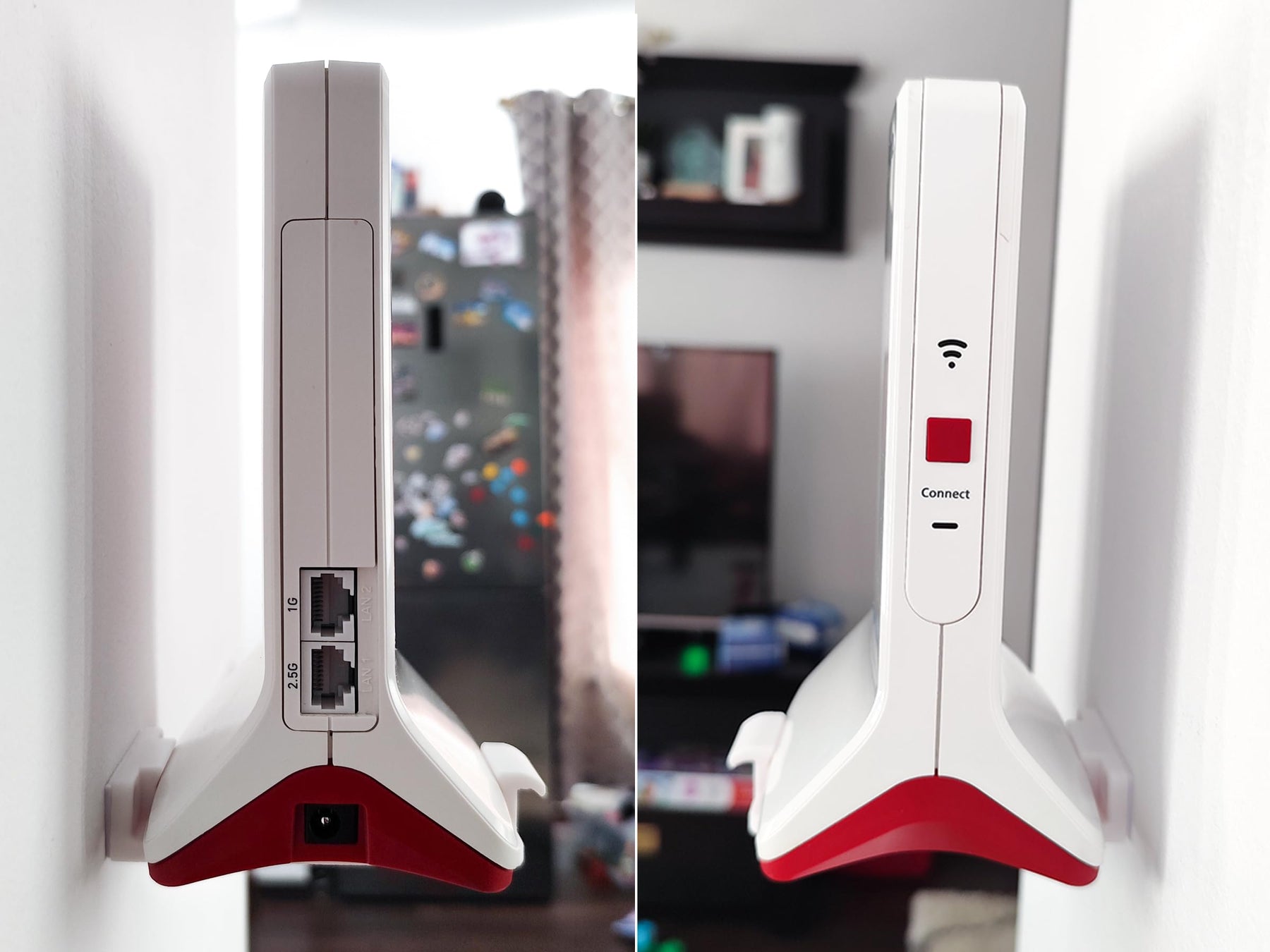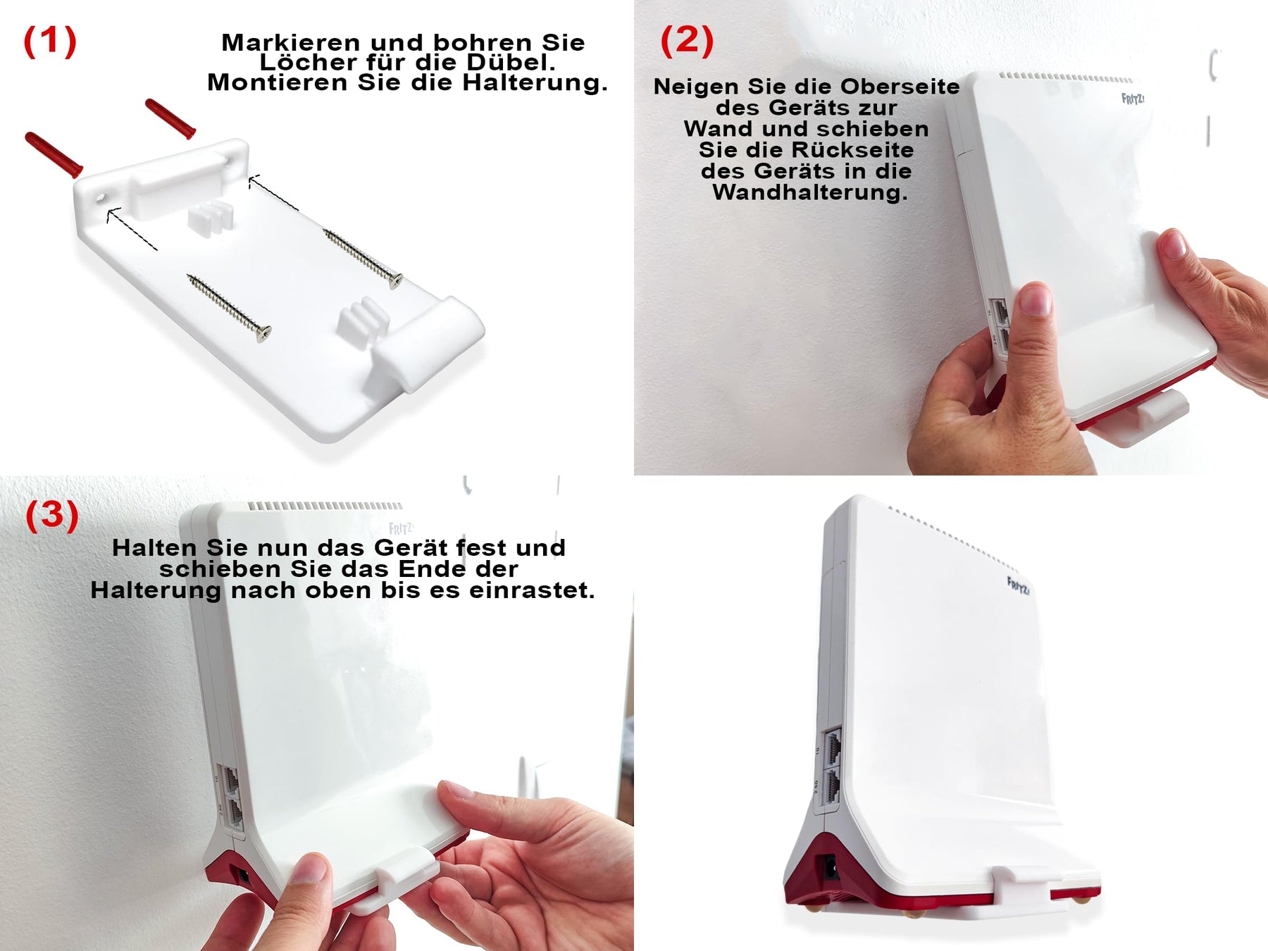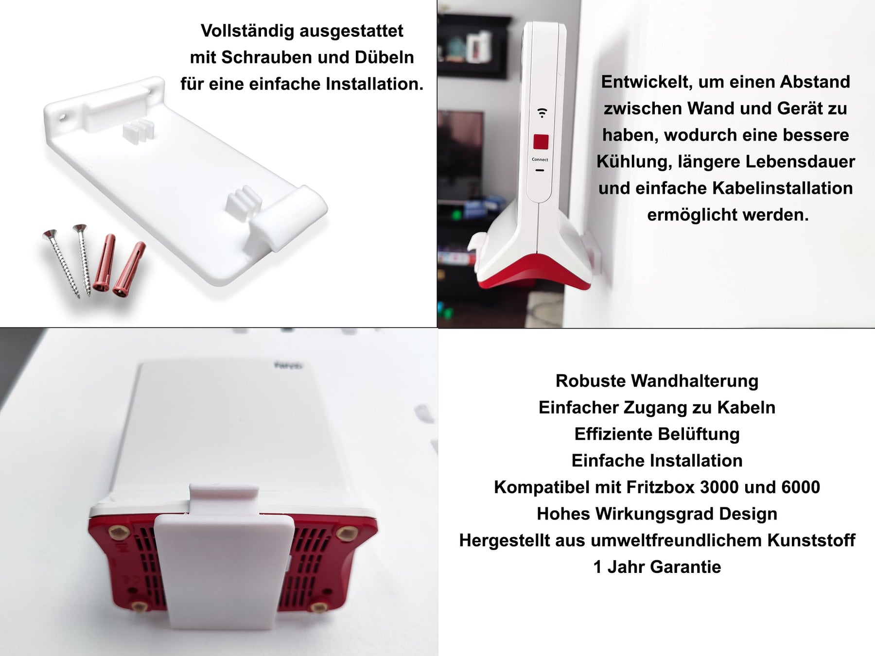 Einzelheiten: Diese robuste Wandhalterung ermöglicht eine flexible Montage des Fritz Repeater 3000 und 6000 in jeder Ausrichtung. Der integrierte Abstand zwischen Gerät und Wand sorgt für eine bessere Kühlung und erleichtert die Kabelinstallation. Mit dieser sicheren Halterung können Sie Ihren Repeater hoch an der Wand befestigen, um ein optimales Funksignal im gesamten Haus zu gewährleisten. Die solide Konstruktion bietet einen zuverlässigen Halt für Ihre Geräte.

---

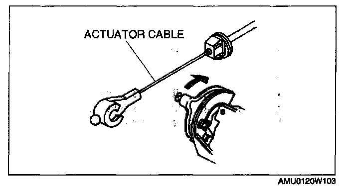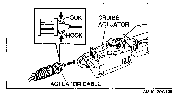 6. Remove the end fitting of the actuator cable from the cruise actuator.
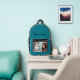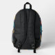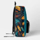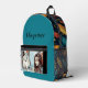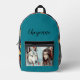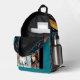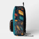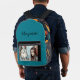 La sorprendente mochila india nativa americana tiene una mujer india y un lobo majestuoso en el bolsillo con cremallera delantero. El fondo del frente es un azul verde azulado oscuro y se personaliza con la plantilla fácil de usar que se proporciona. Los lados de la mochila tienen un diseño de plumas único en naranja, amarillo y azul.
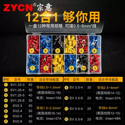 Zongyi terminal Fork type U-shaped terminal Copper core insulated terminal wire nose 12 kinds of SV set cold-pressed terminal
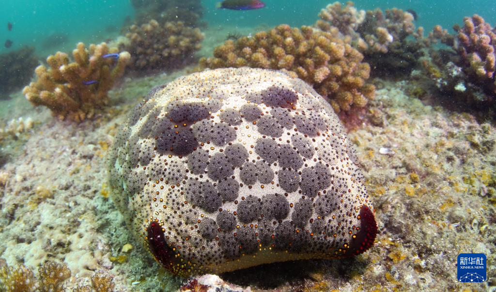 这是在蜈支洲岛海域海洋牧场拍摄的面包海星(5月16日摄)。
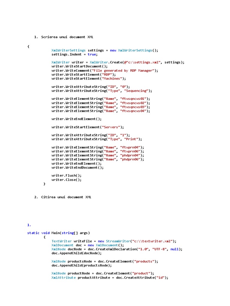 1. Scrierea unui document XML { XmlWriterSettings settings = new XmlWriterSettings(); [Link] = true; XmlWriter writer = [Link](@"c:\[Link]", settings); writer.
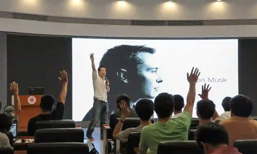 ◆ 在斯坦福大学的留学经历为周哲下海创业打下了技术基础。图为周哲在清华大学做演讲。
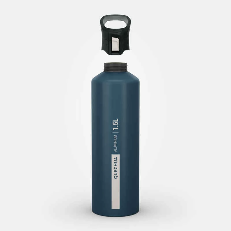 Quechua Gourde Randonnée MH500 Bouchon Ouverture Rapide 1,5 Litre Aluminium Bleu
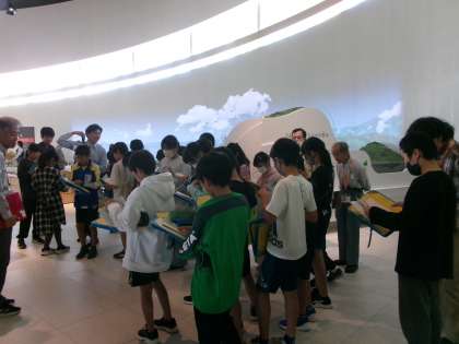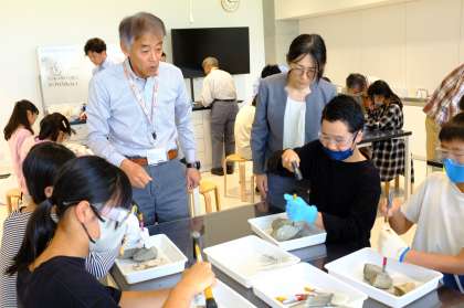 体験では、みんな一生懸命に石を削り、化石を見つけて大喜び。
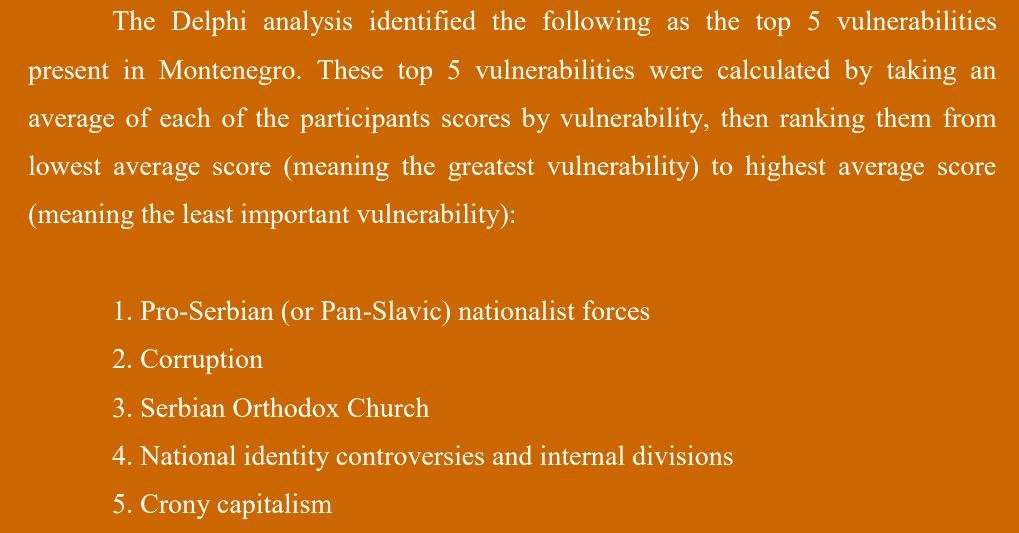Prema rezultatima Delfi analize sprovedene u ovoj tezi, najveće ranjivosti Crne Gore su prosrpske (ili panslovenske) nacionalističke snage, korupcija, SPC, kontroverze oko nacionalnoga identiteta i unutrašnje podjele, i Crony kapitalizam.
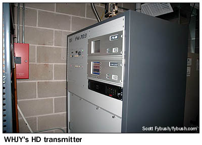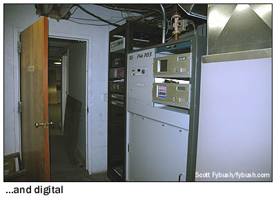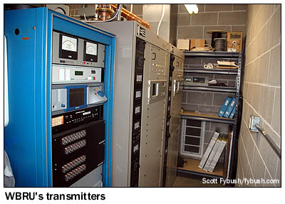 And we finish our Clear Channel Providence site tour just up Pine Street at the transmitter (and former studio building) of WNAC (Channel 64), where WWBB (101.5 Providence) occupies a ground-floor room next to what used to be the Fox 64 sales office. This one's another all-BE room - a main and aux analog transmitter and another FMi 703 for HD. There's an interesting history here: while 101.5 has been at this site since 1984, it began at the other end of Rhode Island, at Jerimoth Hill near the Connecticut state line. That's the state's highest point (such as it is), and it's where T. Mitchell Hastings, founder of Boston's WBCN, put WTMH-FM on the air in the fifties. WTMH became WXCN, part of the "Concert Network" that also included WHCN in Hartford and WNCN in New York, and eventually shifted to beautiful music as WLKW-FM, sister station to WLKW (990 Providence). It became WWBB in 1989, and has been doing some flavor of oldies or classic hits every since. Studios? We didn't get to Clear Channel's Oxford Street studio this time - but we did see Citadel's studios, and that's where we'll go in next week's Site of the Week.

## WORK ITEM
Using the data above, output the line that has "Zongyi terminal Fork", the line that has "Prema rezultatima Delfi", and whatever lines fall between, each exactly as it stands and without pictures.

## OUTPUT BELOW
 Zongyi terminal Fork type U-shaped terminal Copper core insulated terminal wire nose 12 kinds of SV set cold-pressed terminal
 这是在蜈支洲岛海域海洋牧场拍摄的面包海星(5月16日摄)。
 1. Scrierea unui document XML { XmlWriterSettings settings = new XmlWriterSettings(); [Link] = true; XmlWriter writer = [Link](@"c:\[Link]", settings); writer.
 ◆ 在斯坦福大学的留学经历为周哲下海创业打下了技术基础。图为周哲在清华大学做演讲。
 Quechua Gourde Randonnée MH500 Bouchon Ouverture Rapide 1,5 Litre Aluminium Bleu
 体験では、みんな一生懸命に石を削り、化石を見つけて大喜び。
Prema rezultatima Delfi analize sprovedene u ovoj tezi, najveće ranjivosti Crne Gore su prosrpske (ili panslovenske) nacionalističke snage, korupcija, SPC, kontroverze oko nacionalnoga identiteta i unutrašnje podjele, i Crony kapitalizam.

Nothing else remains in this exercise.